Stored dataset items
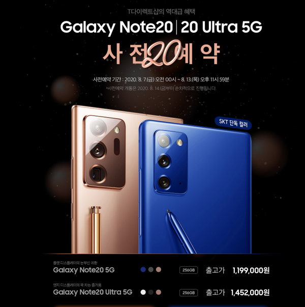 삼성 갤럭시 노트 20 이 통신사마다 현재 사전 구매를 시작했습니다.
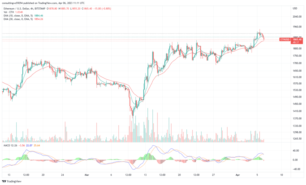Podczas gdy Bitcoin utknął w konsolidacji, Ethereum osiągnął dzienny szczyt 1940 USD, najwyższą cenę od sierpnia. Wzrost został przypisany gwałtownie zbliżającemu się hard forkowi Szanghaj, który ma się odbyć 12 kwietnia. Umożliwi on obstawianie wypłat z sieci Beacon po raz pierwszy od jej uruchomienia w grudniu 2020 r.
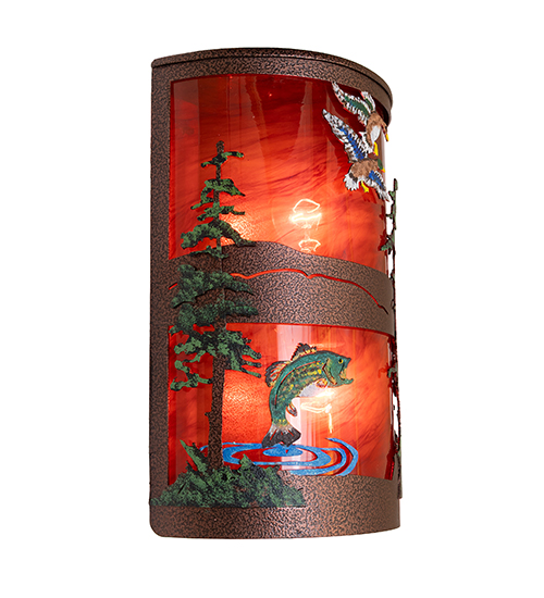 The call of the wild comes to light with Bass leaping out of a mountain lake while Mallard Ducks are soaring high towards the heavens above the Tall Pine Trees and Grass as the morning sun rises in the background. Beautiful ambient light shines through a Maduro Idalight lens, which is enhanced with our New Copper Vein powder coat and Hand-painted decorative accents in Blue and Green hues. The ADA-Compliant wall piece for illuminating a dining area or foyer in residential, hospitality, and commercial spaces. See the complementary 8" Wide Bass & Mallard Left Wall Sconce (#284058). The Bass & Mallard Wall Sconces are included in our American-made, American-designed, handcrafted Wildlife Lighting Collection. This fixture is manufactured in Yorkville, New York. UL and cUL listed for dry and damp locations. Upstate New York's adventurous playground, known as the Adirondack Mountains, with its many breathtaking forests, lakes, and rivers, is the spiritual birthplace of Meyda and inspires our rustic-themed collections.
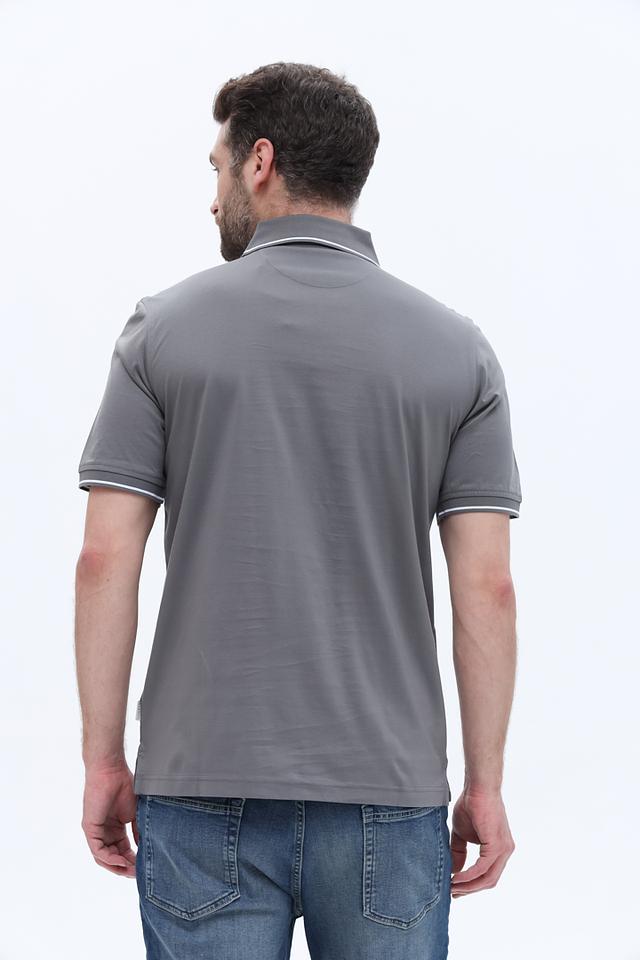 Мужское поло от Bugatti выполнено в сером цвете с аккуратной белой отделкой по краю воротника и рукавов. Эта модель станет отличным дополнением к вашему гардеробу, сочетая в себе комфорт и стиль.
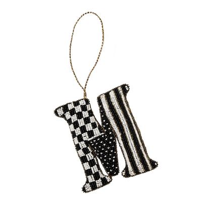 Give the Christmas tree your distinct style with this monogram ornament done entirely in black and white beads that hangs from a golden cord. Perfect for the tree, of course, and also terrific for embellishing packages, place settings, and more.

YOUR TASK
Keep the pictures out of the copy and write out the data exactly as it stands.

EXPECTED ANSWER
 삼성 갤럭시 노트 20 이 통신사마다 현재 사전 구매를 시작했습니다.
Podczas gdy Bitcoin utknął w konsolidacji, Ethereum osiągnął dzienny szczyt 1940 USD, najwyższą cenę od sierpnia. Wzrost został przypisany gwałtownie zbliżającemu się hard forkowi Szanghaj, który ma się odbyć 12 kwietnia. Umożliwi on obstawianie wypłat z sieci Beacon po raz pierwszy od jej uruchomienia w grudniu 2020 r.
 The call of the wild comes to light with Bass leaping out of a mountain lake while Mallard Ducks are soaring high towards the heavens above the Tall Pine Trees and Grass as the morning sun rises in the background. Beautiful ambient light shines through a Maduro Idalight lens, which is enhanced with our New Copper Vein powder coat and Hand-painted decorative accents in Blue and Green hues. The ADA-Compliant wall piece for illuminating a dining area or foyer in residential, hospitality, and commercial spaces. See the complementary 8" Wide Bass & Mallard Left Wall Sconce (#284058). The Bass & Mallard Wall Sconces are included in our American-made, American-designed, handcrafted Wildlife Lighting Collection. This fixture is manufactured in Yorkville, New York. UL and cUL listed for dry and damp locations. Upstate New York's adventurous playground, known as the Adirondack Mountains, with its many breathtaking forests, lakes, and rivers, is the spiritual birthplace of Meyda and inspires our rustic-themed collections.
 Мужское поло от Bugatti выполнено в сером цвете с аккуратной белой отделкой по краю воротника и рукавов. Эта модель станет отличным дополнением к вашему гардеробу, сочетая в себе комфорт и стиль.
 Give the Christmas tree your distinct style with this monogram ornament done entirely in black and white beads that hangs from a golden cord. Perfect for the tree, of course, and also terrific for embellishing packages, place settings, and more.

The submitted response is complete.